For interactive development, the “read-eval-print loop” of GHC - which actually is “read-typecheck-eval-print”, can be used to infer types. A nice (and recent) feature is holes, where a hole is a placeholder for an unspecified subexpression.

Here is an expression with a typed hole: _ > 8. When we enter this in ghci, we get Found hole: _ :: Integer. The hole stands for an expression, whose type is inferred and printed.

Here is an expression with a type hole (note the difference): [(True,8)] :: [ (_, Int) ]. When we enter this in ghci, it says Found type wildcard ‘_’ standing for ‘Bool’. The hole stands for a type, which is inferred and printed.

Of course, previous examples are trivial, and the feature shines when type expressions get larger.

For writing code, Intero for Emacs makes type information available when typing.

Documentation

From Autotool source code, we extract API documentation (showing data types and functions) with haddock (output). API documentation includes links to source code.

Packages and Build Tools

The language standard defines what a module is (a set of declarations that are located in one file). To make large projects manageable, they will consist of packages, where a package is a set of modules. A few basic packages come with the compiler, but far more are needed for building practical software. For Haskell, thousands of packages are available from Hackage.

Each package also specifies the set of packages (with version ranges) that it needs. The autotool application is itself a set of 20 packages that transitively depend on more than 100 third-party packages.

The cabal build tool computes the dependency graph, solves the version constraints (that is, determines which version from a range of acceptable version will actually be chosen), downloads source code archives and then calls ghc to compile packages in topological order.
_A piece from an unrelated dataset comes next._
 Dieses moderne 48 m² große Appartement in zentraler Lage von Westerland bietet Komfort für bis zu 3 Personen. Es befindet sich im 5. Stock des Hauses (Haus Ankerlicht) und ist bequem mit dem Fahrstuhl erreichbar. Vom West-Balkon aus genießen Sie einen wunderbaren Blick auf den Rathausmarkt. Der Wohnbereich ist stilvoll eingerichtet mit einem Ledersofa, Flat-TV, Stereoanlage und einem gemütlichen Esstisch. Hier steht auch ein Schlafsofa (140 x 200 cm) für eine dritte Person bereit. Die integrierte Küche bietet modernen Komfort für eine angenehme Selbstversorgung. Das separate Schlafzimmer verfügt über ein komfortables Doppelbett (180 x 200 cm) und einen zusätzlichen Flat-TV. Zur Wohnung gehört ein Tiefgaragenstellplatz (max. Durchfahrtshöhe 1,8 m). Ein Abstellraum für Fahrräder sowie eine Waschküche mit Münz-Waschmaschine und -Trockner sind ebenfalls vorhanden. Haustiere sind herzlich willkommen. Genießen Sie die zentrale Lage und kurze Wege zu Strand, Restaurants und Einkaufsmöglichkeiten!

For autotool, we do not use cabal directly, but stack. It serves the same purpose of building a set of packages. Cabal solves dependencies based on the current state of hackage, which is, in general, unpredictable (package authors can upload versions that contain breaking changes). Stack achieves deterministic (repeatable) builds by referring to a resolver. A resolver is curated set of packages: a subset of hackage with fixed versions that are known to work well together.

Source Code Management

Autotool sources are stored in git format for distributed version control. Ignoring a lot of technical detail, I just mention that one useful feature of git is that branches are cheap and easy. E.g., to repair a bug, we make a branch, change source files on that branch, and merge back to the main branch when we’re convinced the bug is fixed. That way, we don’t block other’s work (by pushing unfinished work to the main branch).

Issue Tracking

Autotool has an Issue Tracker. The general idea is that we work on the source code only after we have submitted an issue that describes the problem that the change in the source is meant to solve.
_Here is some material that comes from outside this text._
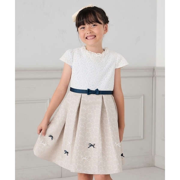 ・レースの身頃と高見えするジャガード生地のスカートの組み合わせが華やかなワンピース。
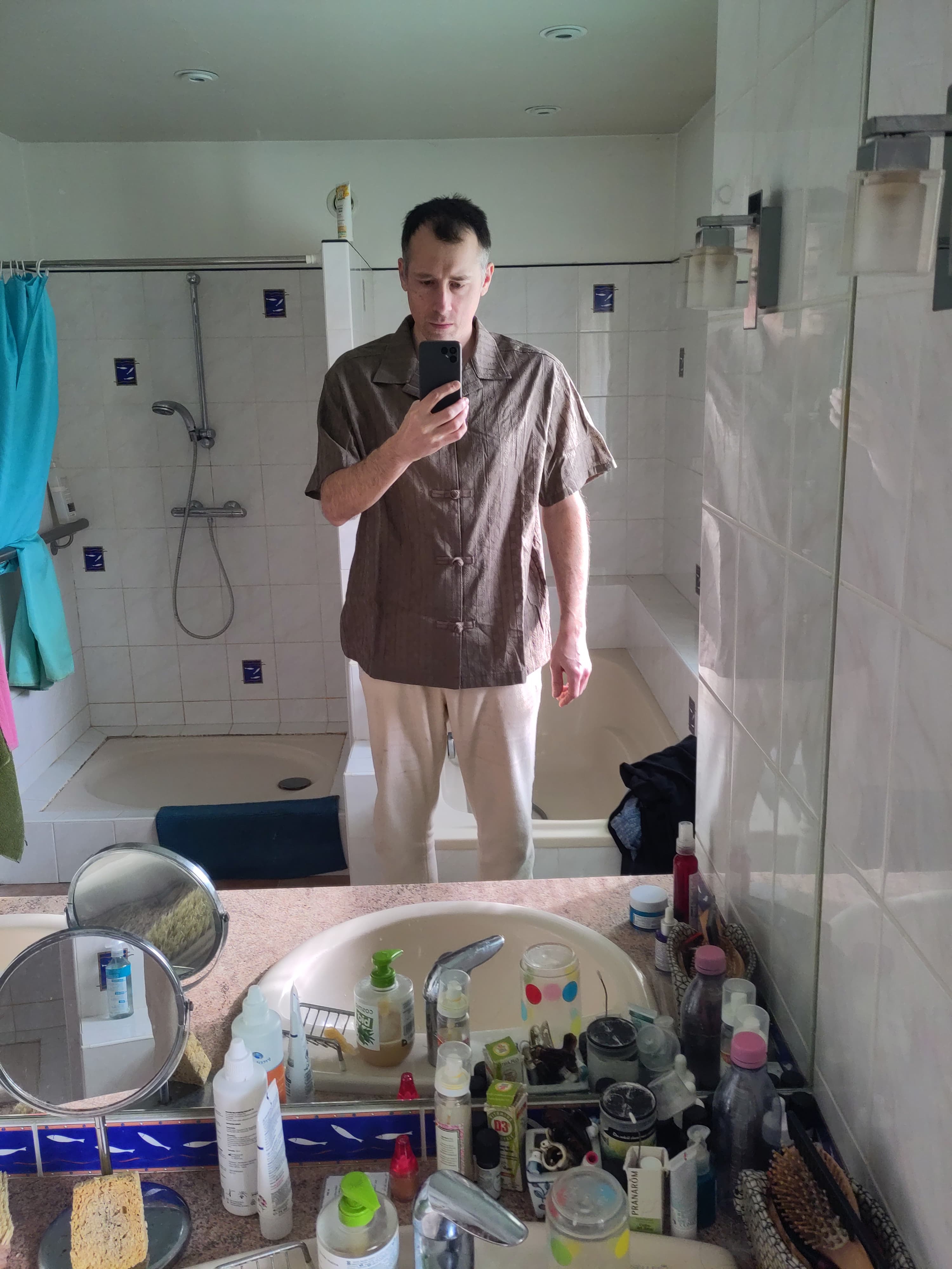 Pour montrer la finesse du tissu, et le petit soucis que j’ai avec les boutons kungfu (il faut réajuster pour que les deux pans de tissu ne se chevauchent pas comme sur la photo)

We use a local instance of the gitlab platform to manage sources and issues (and CI, see below), and it provides nice integrated services. E.g., from the issue tracker, you can make a topical branch for this issue; when you reference an issue in a commit message, the link to the commit will show up in the issue tracker; and you can also auto-close issues if the message says “fix #399”.

Earlier, Autotool used CVS (since 2002) for source control, and Bugzilla (since 2005) for tracking. When changing to git (in 2010) and gitlab (in 2015), we took care to preserve history. This worked fully for source control (initial commit) and mostly for issues (except that historic issues now had their date changed).

Automated Tests

Of course, the goal is to formulate all properties of software as types, so they can be checked statically. But Haskell’s type system does not fully allow that (we have no dependent types, currently), so we need to resort to dynamic checks. Autotool uses

  • hspec for organising tests
  • smallcheck for property-based testing with automated type-directed generation of test cases (example)
  • fuzz-testing for generating interesting test cases by modifications of existing ones (more detail and examples)

We also compute test coverage with hpc via hpc integration in stack. Here is an example coverage report

Continuous Integration (CI)

Autotool uses Gitlab’s CI mechanism: upon each commit, the project is built and tested, starting in a standard docker container. (Configuration A full run of this takes more than 1 hour.